JPS62142105A - Antifouling material - Google Patents

Abstract

PURPOSE:To obtain an antifouling material such as antifouling yarn, film, etc., having excellent antifouling property, nontoxicity and strength and capable of preventing the adhesion of algae and shell over a long period, by kneading powdery metal selected from copper, zinc, tin and their alloys together with graphite in a thermoplastic synthetic resin. CONSTITUTION:Powdery metal such as copper, zinc, tin, etc., or various alloys of said metals is mixed with graphite and the mixture is kneaded in a thermoplastic synthetic resin to obtain the objective antifouling material such as monofilament, joint yarn, twisted yarn, cord, net, film etc., free from toxicity to fish and capable of keeping the antifouling effect over a long period. The water-absorption of said resin is improved by the water-absorption of graphite to facilitate the dissolution of said metal powder preventing the sealing of the powder in the resin.
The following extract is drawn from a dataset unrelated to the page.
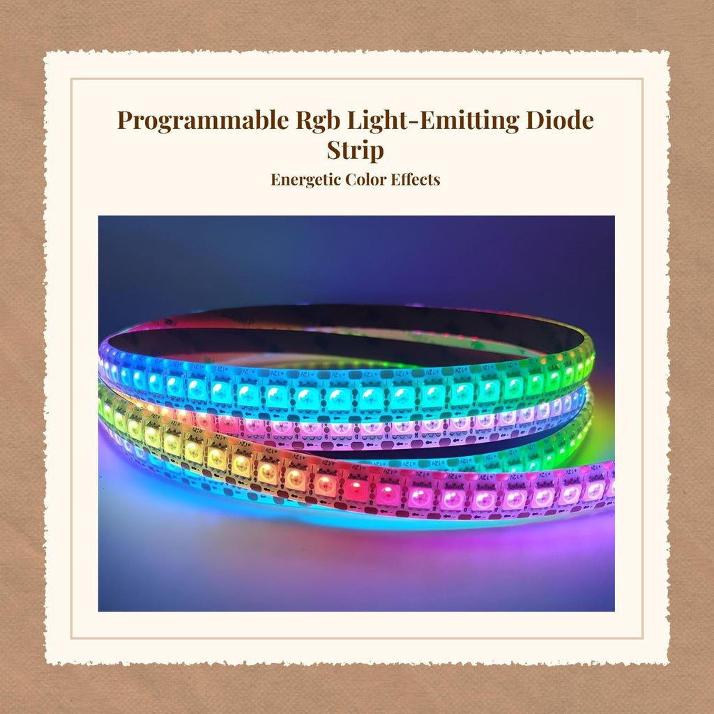 【Programmable RGB Lighting Strip for Bedroom Decor】This WS2812B lighting strip features individually addressable 5050 RGB light-emitting diode chips, providing luminous, color-changing effects and flexible installation for bedrooms, living rooms, and gaming setups.【Waterproof and resilient Design】The silicone-coated strip is IP67 waterproof, perfect for indoor use in kitchens, cabinets, mirrors, and shelves, ensuring dependable long-term performance.【Smart Control and Customization】Supports app control, music sync, voice control, and timer settings, allowing you to personalize lighting scenes for parties, home décor, and DIY projects.【Easy Installation and Adjustable Lengths】The upgraded backing and cuttable design make installation simple on desks, TVs, and car chassis, adapting to different spaces and creative needs.【Versatile Applications】Enjoy vivid, full-color lighting to enhance the atmosphere in hotels, lounges, shops, and gaming rooms, with dependable performance and strong practicality.Specification:
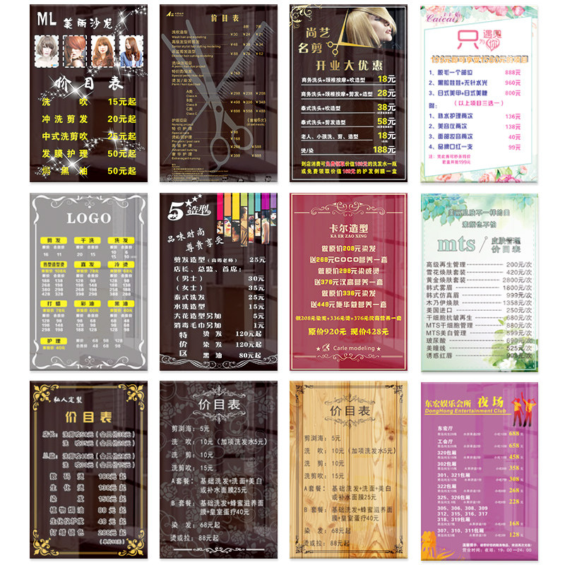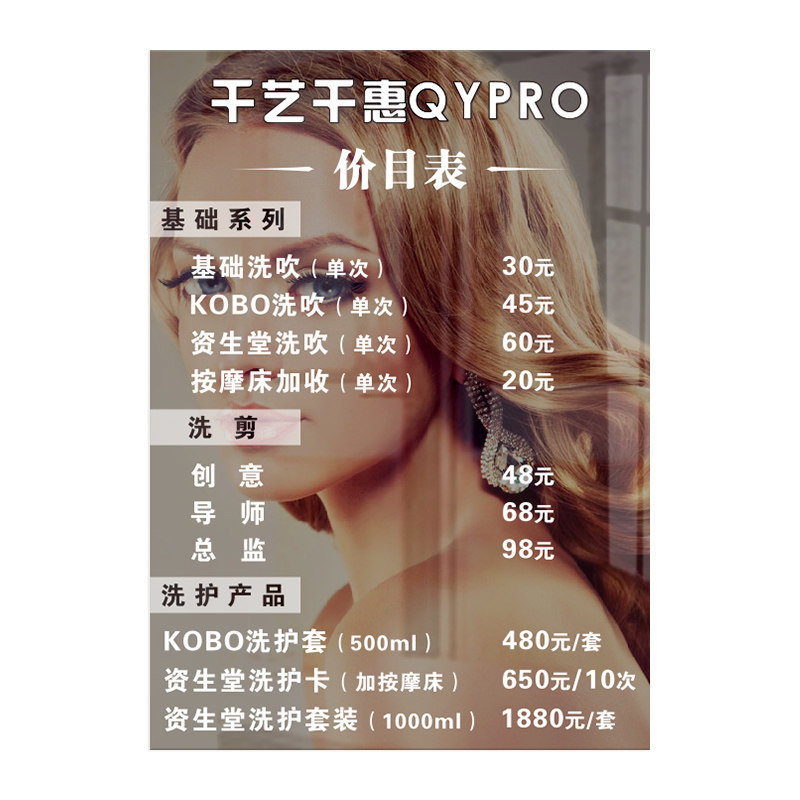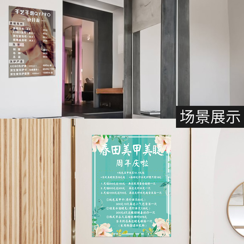 亚克力标识牌贴墙美容院半永久纹绣美甲美发店足浴养生价目价格表

The adhesion of the above aquatic life can be prevented by the effect of metallic ion generated from the dissolved metal powder.

Description

DETAILED DESCRIPTION OF THE INVENTION <Industrial Application Field> The present invention relates to antifouling materials such as antifouling threads and films that are 1T5 resistant, nontoxic, and strong.

More specifically, the present invention relates to novel antifouling threads and films that are nontoxic to fish and can maintain antifouling properties for a long period of time.
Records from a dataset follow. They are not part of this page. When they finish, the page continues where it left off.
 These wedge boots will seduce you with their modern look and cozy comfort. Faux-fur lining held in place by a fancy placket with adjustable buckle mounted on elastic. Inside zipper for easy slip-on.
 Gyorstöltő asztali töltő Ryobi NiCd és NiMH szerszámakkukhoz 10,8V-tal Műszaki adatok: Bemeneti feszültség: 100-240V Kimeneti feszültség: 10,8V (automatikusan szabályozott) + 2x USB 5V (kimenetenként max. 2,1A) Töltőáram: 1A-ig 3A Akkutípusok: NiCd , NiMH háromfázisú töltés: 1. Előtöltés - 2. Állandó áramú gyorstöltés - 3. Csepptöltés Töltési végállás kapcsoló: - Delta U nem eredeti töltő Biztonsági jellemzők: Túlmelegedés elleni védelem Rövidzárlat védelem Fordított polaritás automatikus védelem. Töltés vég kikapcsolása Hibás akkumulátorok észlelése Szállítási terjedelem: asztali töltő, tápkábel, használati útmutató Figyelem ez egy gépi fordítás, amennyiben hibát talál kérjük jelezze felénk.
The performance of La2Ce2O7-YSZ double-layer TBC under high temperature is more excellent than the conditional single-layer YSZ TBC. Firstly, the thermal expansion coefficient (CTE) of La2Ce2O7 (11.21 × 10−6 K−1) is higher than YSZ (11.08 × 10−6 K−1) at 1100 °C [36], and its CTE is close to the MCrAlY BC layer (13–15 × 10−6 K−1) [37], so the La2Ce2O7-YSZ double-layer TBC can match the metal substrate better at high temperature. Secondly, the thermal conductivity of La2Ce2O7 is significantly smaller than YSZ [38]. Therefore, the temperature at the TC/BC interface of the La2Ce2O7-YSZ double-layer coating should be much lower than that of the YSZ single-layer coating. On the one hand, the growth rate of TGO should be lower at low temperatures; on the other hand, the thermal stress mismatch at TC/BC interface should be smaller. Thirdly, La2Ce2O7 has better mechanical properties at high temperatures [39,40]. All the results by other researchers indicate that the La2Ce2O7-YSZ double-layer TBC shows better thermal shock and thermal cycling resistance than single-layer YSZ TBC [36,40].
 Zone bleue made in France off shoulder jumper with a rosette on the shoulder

<Prior art> Fish culture nets and fixed nets, which have become popular in recent years, require the fishing nets to be immersed in seawater for a long period of time.
Aquatic organisms such as Fujitbo attach to fishing nets and the ropes that make them, blocking the steel mesh, resulting in insufficient seawater movement, which adversely affects the survival of fish due to lack of oxygen, or reduces the durability of the ropes. decreases.

Particularly in Hamachi and Furi farming, the fish attach to the insects and suck blood, so the fish have the habit of rubbing them with a NQ net to remove them, but if the Fujibushi adheres at that time, the outer skin gets cut and the area becomes infected. Bacteria enters and causes a purulent disease, which then spreads and leads to mass mortality.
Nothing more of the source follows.